March 5, 2024
Peter approached Jesus and asked him, “Lord, if my brother sins against me, how often must I forgive him? As many as seven times?” Jesus answered, “I say to you, not seven times but seventy-seven times. Mt_18:21-35
Jesus constantly spoke about the virtue of mercy over revenge. In this instance with Peter, He presented a parable about man who begged forgiveness of his master, to whom was owed a great debt. And after he was forgiven the debt, the man proceeded to chastise and punish someone who owed to him a much smaller debt. The point being, that God is constantly forgiving us for a multitude of transgressions that we make every day against Him and one another. So who are we not to forgive those who transgress against us? Thus we have Jesus’ prayer “forgive us our trespasses AS WE FORGIVE those who trespass against us!”

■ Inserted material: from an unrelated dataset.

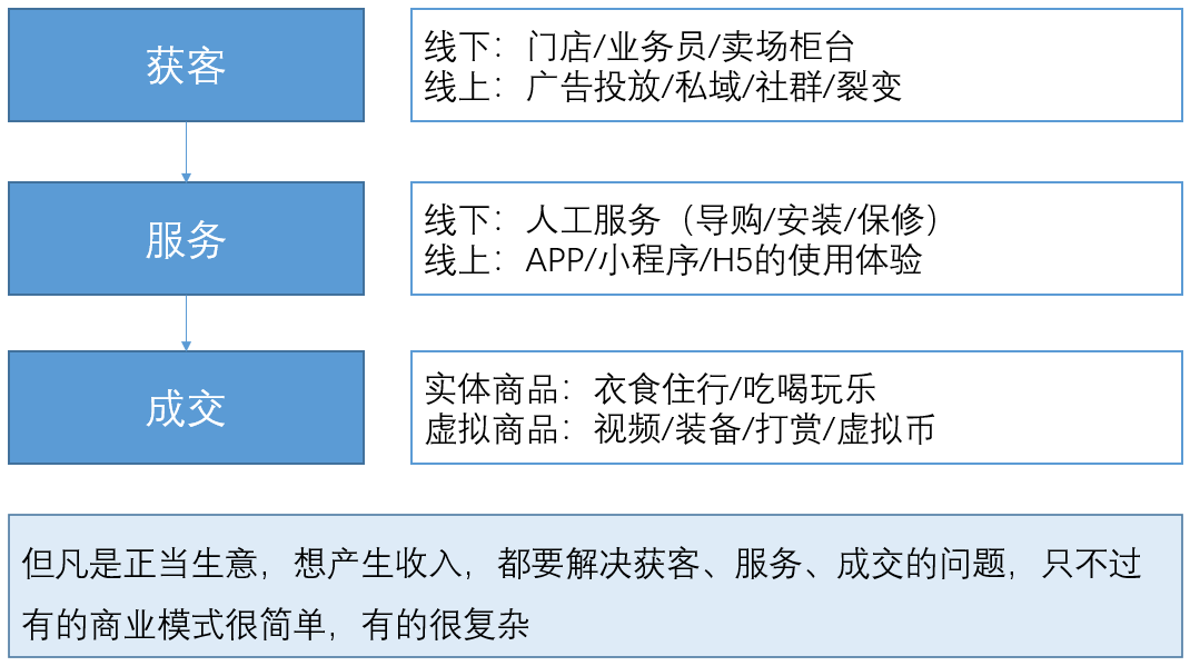 MVP要证明自己有产生收入。产生收入,就至少需要获客、服务、成交三个关键环节。在这三个环节的工作中,会产生各类成本。因此拆解MVP,核心是拆解获客、服务、成交流程。

Contrary to the theme of most of our movies and games and innate human nature, we really do not have the right or privilege or even common sense to throw stones at the transgressor on the other side of the glass bubbles that we’re living in. For in the process, we’ll be rained upon by the very glass we’ve broken by our own volition.
The Bible is just chock full of examples of unjust harm, unsuccessful revenge and God’s bountiful mercy: Cain and Abel, Jonah and Nineveh, Satan and Job, Absalom and David, David and Uriah, the Prophets and unfaithful Israelites, John the Baptist and Herod, and Jesus himself. You see, revenge never pays in a way that we’d actually like in the end, or even benefit from. For justice never comes from anything we, sinners, invoke, but from the very mercy we extend and the mercy we receive from the ONLY just judge – God Himself. And the battle that we fight is not one of flesh against flesh, but a spiritual one that only Jesus can and did win for us. All we need do is stand behind Him within the bubbles of our own mercy!